A more varied picture of China
Financial Times, with its Western capitalist view comments:
For all the cosmopolitan affluence of Beijing or Shanghai, with their luxury shopping malls and Champagne-soaked gallery openings, it is easy to forget just how poor China still is. One of the more surprising statistics about the Chinese economy is that, in terms of per capita gross domestic product, it is still not in the top 100 countries. According to the International Monetary Fund, China ranked behind Cape Verde and Armenia in 2008, and only just ahead of Iraq and the Republic of Congo. Despite the remarkable reduction in poverty, daily life for most Chinese families is still a struggle to get by.

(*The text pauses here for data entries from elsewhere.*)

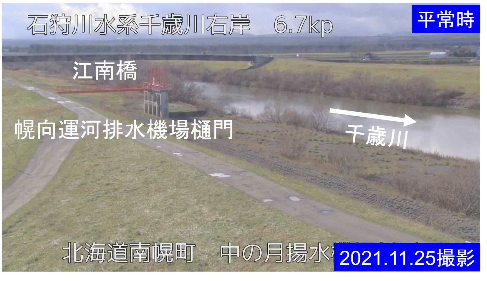 千歳川 6.7kp 中の月揚水機場付近周辺の河川ライブカメラ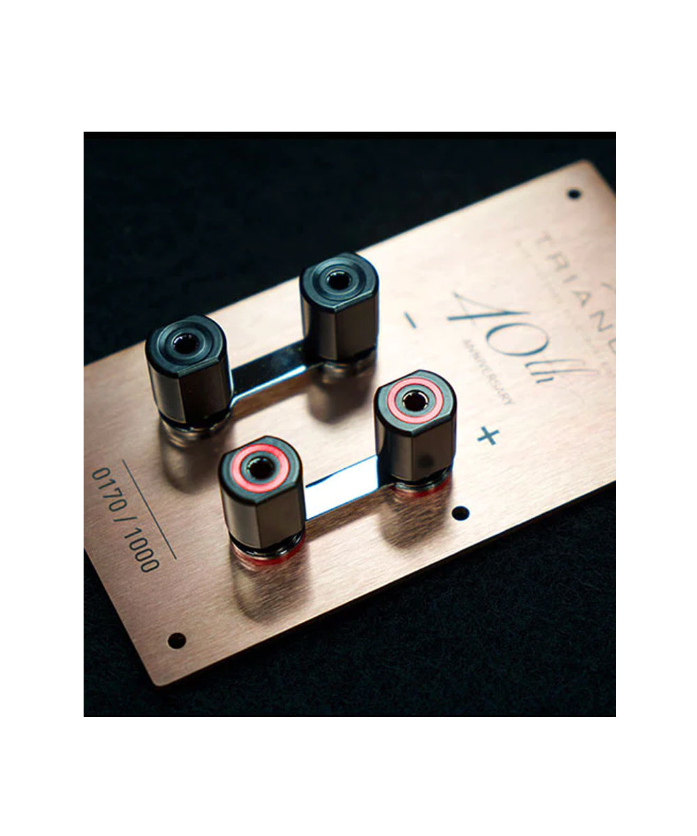 The terminals of the 40th Anniversary range are in rose gold anodized brushed aluminum. The custom-designed, insulated terminals can accommodate a 5mm diameter cross-section cable. They can also accommodate banana plugs with a locking system.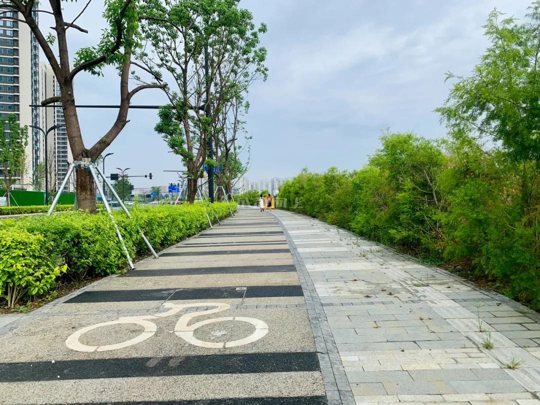 目前B区环湖路为双向六车道,目前已经全线通车,道路两侧路灯、灯牌和绿植早已呈现。值得一说的是,靠近湖区一侧还设有较宽的自行车道。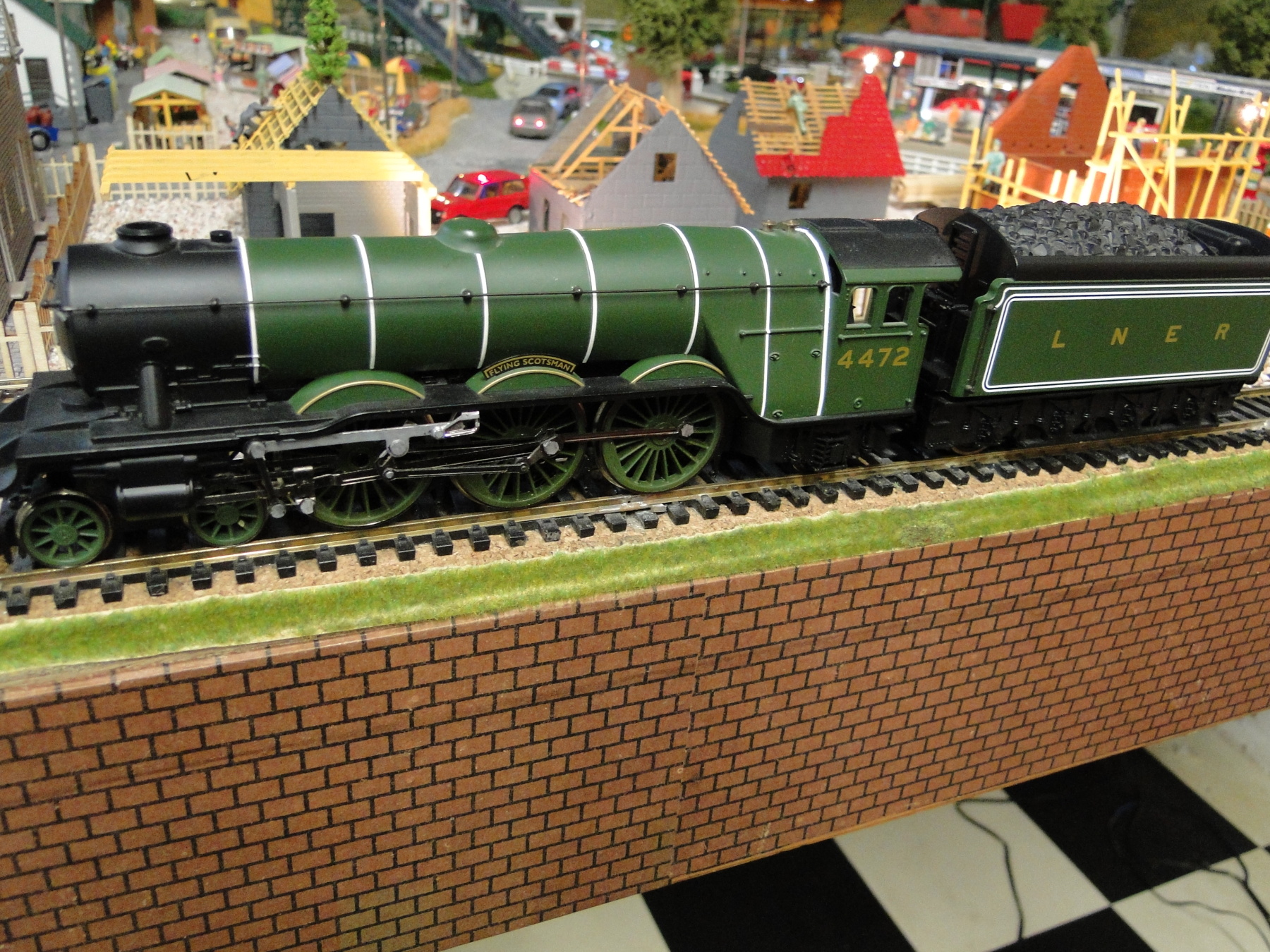 Dacht ik ook, maar de tender op de foto (met loopstel) lijkt niet op de tender die bij het lok aangedreven model zit: http://www.britishrailwaystories.com/2013/03/flying-scotsman-railroad-model-2012.html
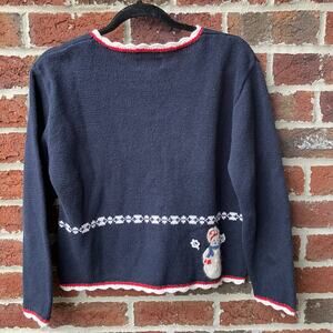 Christopher & Banks Vintage Hand Knitted Snowman Cardigan Sweater Size Small

Then there is this comment about the raw effects of internal political turmoil caused by dissatisfaction of the Uighurs:
The Xinjiang riots over the summer were another important warning. Like the turmoil in Tibet the year before, they exposed how large parts of the local population on China’s western frontier does not feel included in the new economic dynamism, or feel part the grand national project. By treating almost all dissent as a form of “evil separatism”, these provinces seem destined to face years of instability.

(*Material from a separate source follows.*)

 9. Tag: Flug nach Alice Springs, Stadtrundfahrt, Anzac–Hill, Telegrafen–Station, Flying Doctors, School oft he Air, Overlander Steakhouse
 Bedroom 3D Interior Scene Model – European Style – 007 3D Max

The writer of this piece, who is FT’s Beijing Bureau chief, finally gets to his real point in the last paragraphs:
Given the abundant evidence of purpose and planning, from the building site that wakes me in the morning to the almost weekly billion-dollar energy deals in far-flung parts of the world, this might seem like a strange thing to say about modern China: but it sometimes feels as if the people at the top are running short of ideas.
It is tempting to chart China’s rise like a graph of its GDP, 9 per cent up every year, without fail. Better to expect quite a few big bumps on the road to “China’s century”.